William Randolph "Cozy" Cole (October 17, 1909 – January 9, 1981) was an American jazz drummer who worked with Cab Calloway and Louis Armstrong among others and led his own groups.

Life and career 
William Randolph Cole was born in East Orange, New Jersey, United States. His first music job was with Wilbur Sweatman in 1928. In 1930, he played for Jelly Roll Morton's Red Hot Peppers, recording an early drum solo on "Load of Cole". He spent 1931–33 with Blanche Calloway, 1933–34 with Benny Carter, 1935–36 with Willie Bryant, 1936–38 with Stuff Smith's small combo, and 1938–42 with Cab Calloway. In 1942, he was hired by CBS Radio music director Raymond Scott as part of network radio's first integrated orchestra. After that he played with Louis Armstrong's All Stars.

Cole performed with Louis Armstrong and his All Stars with Velma Middleton singing vocals for the ninth Cavalcade of Jazz concert held at Wrigley Field in Los Angeles. The concert was produced by Leon Hefflin, Sr. on June 7, 1953. Also featured that day were Roy Brown and his Orchestra, Don Tosti and His Mexican Jazzmen, Earl Bostic, Nat "King" Cole, and Shorty Rogers and his Orchestra.<ref>“More Big Names in Cavalcade” Article in ..Los Angeles Sentinel, May 21, 1953.
</ref>

Cole had hits with the songs "Topsy I" and "Topsy II". "Topsy II" peaked at No. 3 on the Billboard Hot 100, and at No. 1 on the R&B chart.
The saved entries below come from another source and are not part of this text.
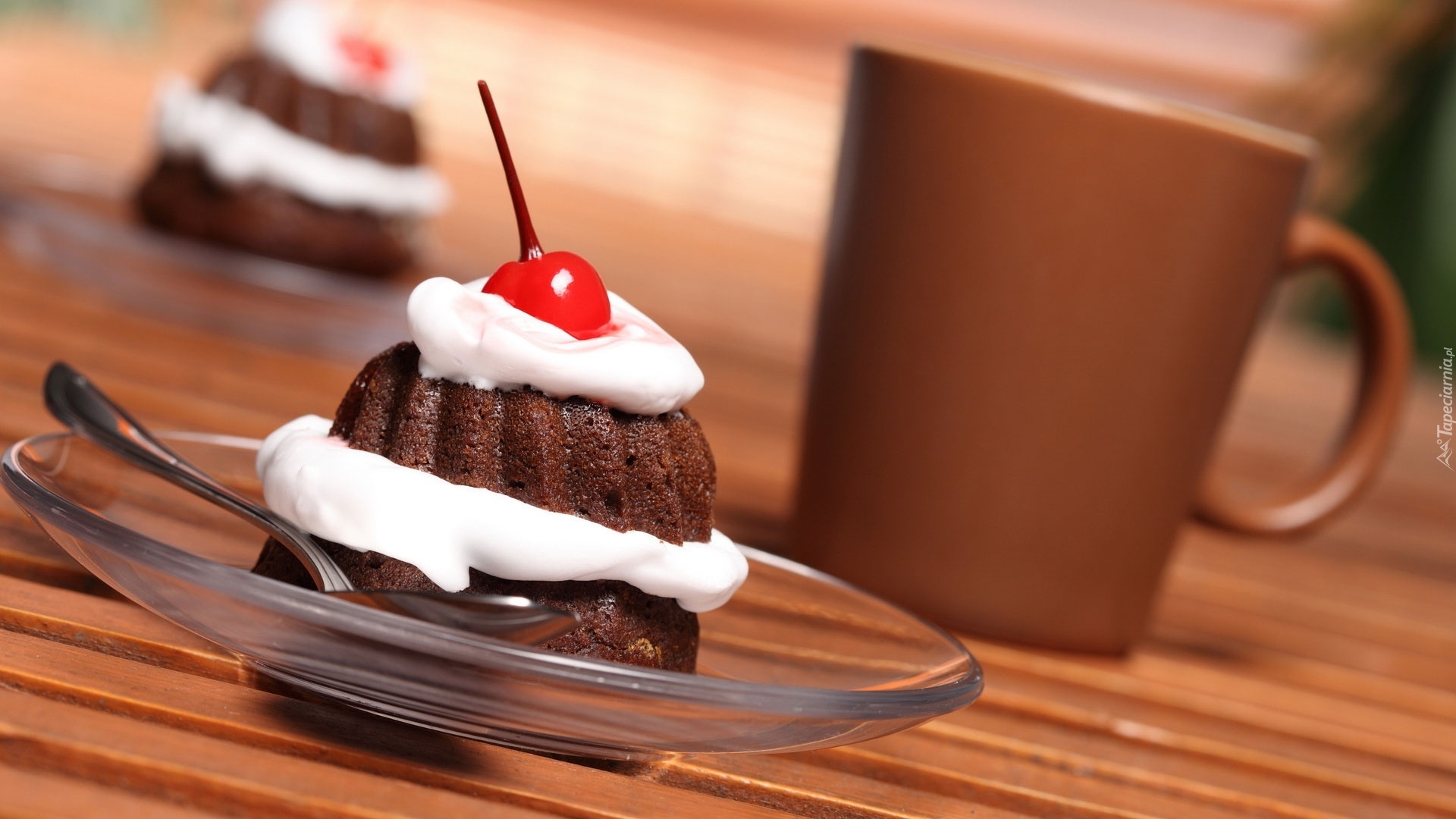 Edytor tapety: Ciastko czekoladowe ze śmietaną i wisienką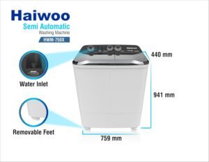 Be the first to review “Haiwoo 7Kg Semi-Automatic Twin Tub Washing Machine with Quick Wash & Auto Balance Control, Silent Operation, Powerful Pulsator, Spin Easily with One Twist – HWM-750X”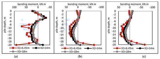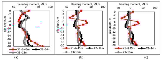 Bending moment at a depth of (a) Near, (b) Middle, and (c) Rear piles with different Xpile for the shallow tunnel (H = 14 m).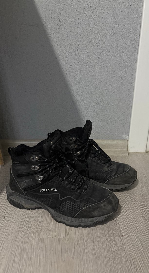 Siyah yılan desenli, bağcıklı outdoor botlar. Dayanıklı kauçuk malzemeden, 'SOFTSHELL' yazılı, spor ve sokak stiline uygun.
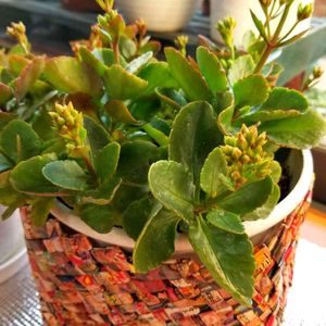 カランコエの蕾はまだまだ硬いね。 鉢カバーは9?歳の女性が編んだ物です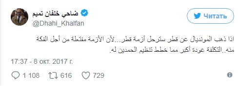 وقال خلفان في تغريدته: "إذا ذهب المونديال عن قطر سترحل أزمة قطر.. لأن الأزمة مفتعلة من أجل الفكة منه.. التكلفة عودة أكبر مما خطط تنظيم الحمدين".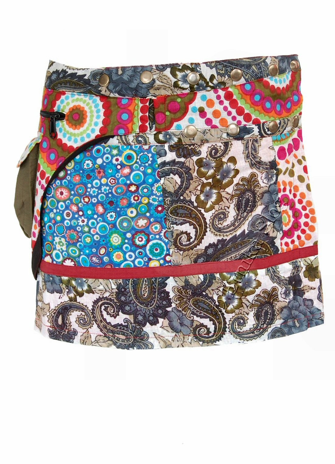 MINI GONNA IN COTONE LEGGERO, FANTASIE MISTE, CON MARSUPIO.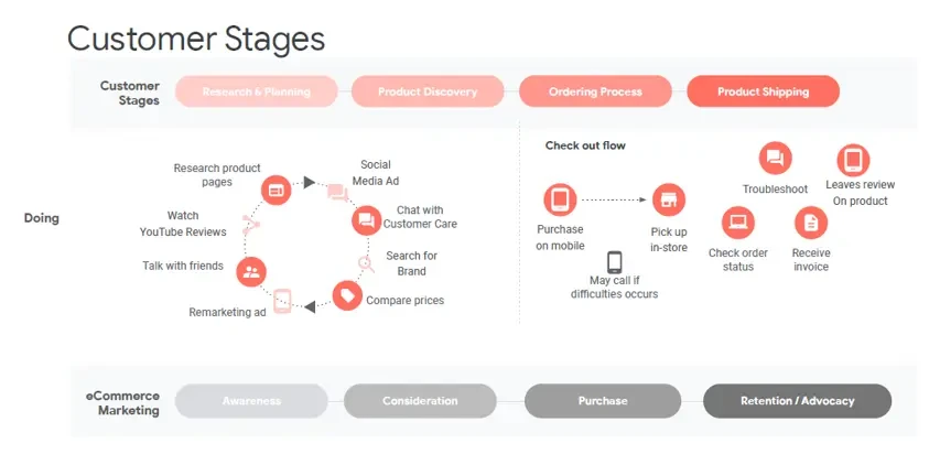 W zobrazowaniu i usprawnieniu poszczególnych elementów w ścieżce zakupowej klienta tworzy się Customer Journey Map – graficzną analizę poszczególnych kroków, na podstawie której dokonuje się oceny pod kątem użyteczności i przyjemności z korzystania jaką może czerpać klient.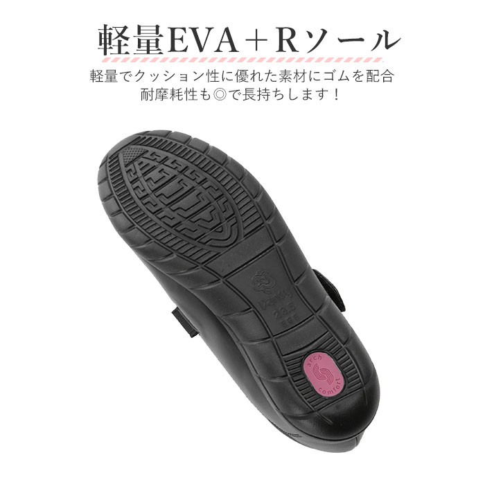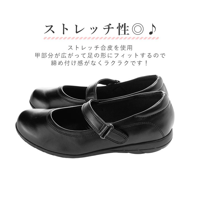 | 抗菌・防臭加工で長時間安心♪甲ストラップで脱ぎ履きラクラク、オフィスシューズ♪ソフトなストレッチ合皮を甲表素材に使用し、甲両側面の一番幅広の部分が伸びる独自のストレッチ設計! 土踏まず部分にはフィットするU字型アーチクッションで足への負担も軽減してくれます。 |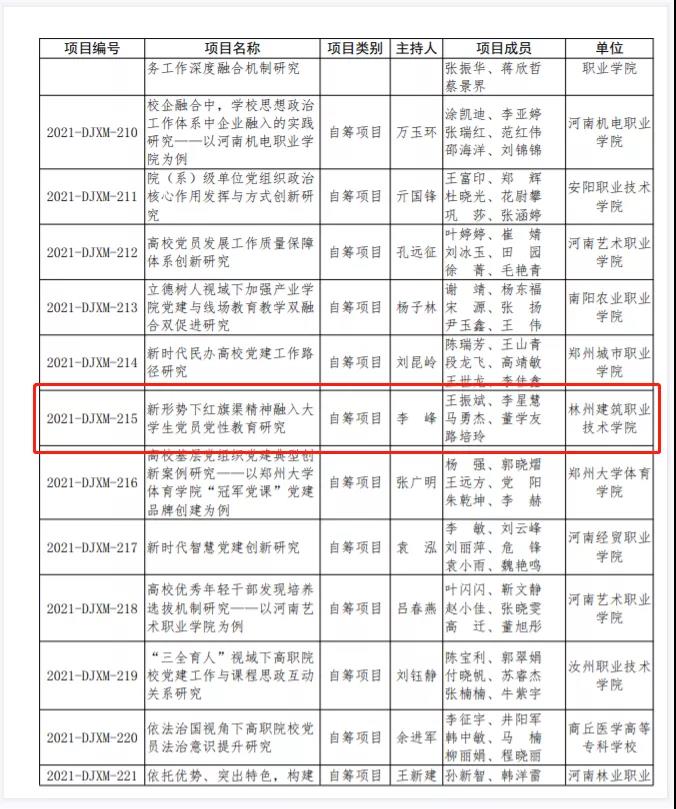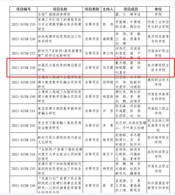 林州建院创办以来,学校党委高度重视党建研究工作,依托红旗渠红色资源优势,不断加强对党建研究工作的支持力度。在申报党建项目立项工作中,统筹安排,积极申报,并成功立项。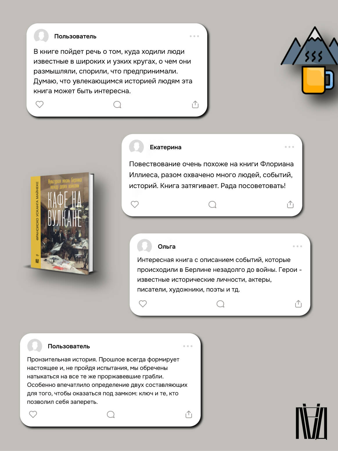 Книга испанского историка Франсиско У. Майнеке предлагает погрузиться в атмосферу Берлина в период между мировыми войнами. В основу книги "Кафе на вулкане" легли изученные автором официальные документы, мемуары, дневники богемного общества Берлина 30-х гг. XX века. Через историю культового "Романского кафе", которое становится центром повествования, раскрывается начало самой масштабной катастрофы ХХ века - зарождение нацизма. Надвигающийся фашизм становится мрачной тенью на фоне расцвета культуры, постепенно захватывая власть. "Романское кафе" в Берлине объединило умнейших людей того времени. Именно за его столиками посетители могли встретить Бертольта Брехта, Стефана Цвейга, Марлен Дитрих, Альберта Эйнштейна, Билли Уайлдера. Эта книга - напоминание о том, насколько зависимой и трагичной может оказаться тесная связь культуры, искусства и политики.| Издательство | Издательство "АСТ" |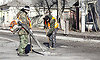МУП «Благоустройство» к весенним ремонтным работам на городских улицах приобретено 10 тонн асфальтово-бетонной смеси. Сегодня бригада ремонтных рабочих начала ямочный ремонт улицы Красноармейской. Ямки предварительно очищаются от щебня и песка, а затем засыпаются асфальтом, разогреваются паяльными лампами и укатываются виброплитой. Как говорят дорожники, таких «заплат» хватает на несколько сезонов. В целом на содержание и ремонт улично-дорожной сети в 2017 году МУП «Благоустройство» будет выделено 4,8 млн. рублей.

It sold over one million copies and was awarded a gold disc. The track peaked at No. 29 in the UK Singles Chart in 1958. The recording contained a long drum solo and was one of the few drum solo recordings to make the charts at Billboard magazine. The single was issued by Love Records, a small record label in Brooklyn, New York. Cole's song "Turvy II" reached No. 36 in 1959.

Cole appeared in music-related films, including a brief cameo in Don't Knock the Rock. Throughout the 1960s and 1970s he continued to perform in a variety of settings alongside names like Jonah Jones, Stuff Smith, and Cab Calloway. Cole and Gene Krupa often played drum duets at the Metropole in New York City during the 1950s and 1960s.

In 1978, Capital University in Columbus, awarded Cole an honorary degree of Doctor of Musical Arts. Cole is cited as an influence by many contemporary rock drummers, including Cozy Powell, who took his nickname "Cozy" from Cole. In 1981, he died of cancer in Columbus, Ohio.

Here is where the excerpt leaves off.